Deliverable D4.2: Regional designs: Imagining community-led just sustainability transition policies

The Task (T) 4.3 Regional design is part of the DUST work package (WP) 4 ‘Setting the stage for participation: Mapping, visualization, and digitalization’, which supports the participatory experiments with citizens, policymakers, and experts in the DUST Regional Futures Literacy Labs (RFLLs) in WP5. The RFLLs combine design-led territorial and digital instruments for more proactive and strategic involvement of least-engaged communities (LECs) in multi-level sustainability transition policymaking. The regional designs, which are the key output of T4.3, exemplify a design-led territorial approach. Presented in a series of visual representations and storylines, their purpose is two-fold: firstly, they represent and compare community and policy perspectives on sustainability transition policymaking in regions; and secondly, they support the positioning of LEC’s concerns in policy and public debates. Three images have been drawn for each of the four DUST RFLL case study (CS) regions of Norrbotten (SE), Stara Zagora (BG), Katowice (PL), and Lusatia (DE). Presented in the form of a triptych these images represent: (1) the anticipated local policy impact, (2) communities’ envisioned probable futures, and (3) their imagined preferred futures.

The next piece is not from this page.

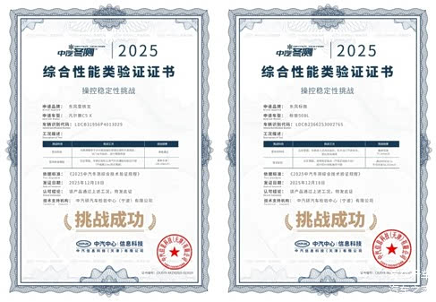【有车开车资讯】12月18日,在中国汽车技术研究中心主办的“2025极寒驾控安全主题技术验证”中,东风雪铁龙凡尔赛C5 X与东风标致508L凭借卓越的操控稳定性,双双斩获“操控稳定性挑战”验证证书。其中,凡尔赛C5 X在雪地爬坡与雪地高速爆胎测试中表现稳健,东风标致508L则在雪地双移线与雪地蛇形测试中展现出精准的操控功底。这一成绩,充分印证了两款车型扎实的整车品质与法系品牌在极端环境下的安全技术底蕴。

The design of the visualisations drew on input from several RFLL activities and DUST tasks. In the RFLL workshop (WS) 2, communities discussed their expectations, hopes, and dreams in the context of their region’s sustainability transition. Inspired by the UNESCO Futures Literacy Lab format, the future perspectives were framed as probable and preferred futures. To emphasize the community lens, probable futures were later represented as a ‘head vs. the outside world’. To underline a territorial approach, preferred futures scenes were anchored in a geographic regional map. These two community perspectives were juxtaposed with a policy perspective. The policy perspective foresees the impact of a selection of current and upcoming place-based sustainability transition policies. To enhance comparison with LECs’ preferred futures, also this perspective was depicted in a regional geographic setting. The methods used for analysing the policy and the community perspectives, and the approach to creating the regional designs are described under the methodology chapter.
The output of T4.3 is a series of four triptychs representing and comparing the community and policy futures in the four case study regions where the RFLLs take place. Output was and will be used in several consecutive DUST activities. During the RFLL WS 3 communities co-created policy statements, which were further on opened for large-scale digital deliberation on the DUST Pol.is platform (T4.5). The regional designs were used to inspire the formulation of the statements, and for Pol.is information campaigns in digital and physical environments. Additionally, regional designs were also used for community storytelling in WS3: LECs were invited to take these as a starting point for telling stories about their regions. Beyond the RFLLs, the regional designs will be included in the DUST citizen position papers (D5.3), and displayed in several DUST exhibitions (WP6, T6.7). Exhibitions will be curated in all four CS regions, displaying the regional designs alongside explanatory text and audio-visual material. The exhibition material will also be promoted be used in other policy, academic and civic contexts concerned with discussing the role of communities in just sustainability transition policies. T4.6 will assess the different uses of the regional designs in and beyond the RFLLs. D4.4 will present the results from this analysis.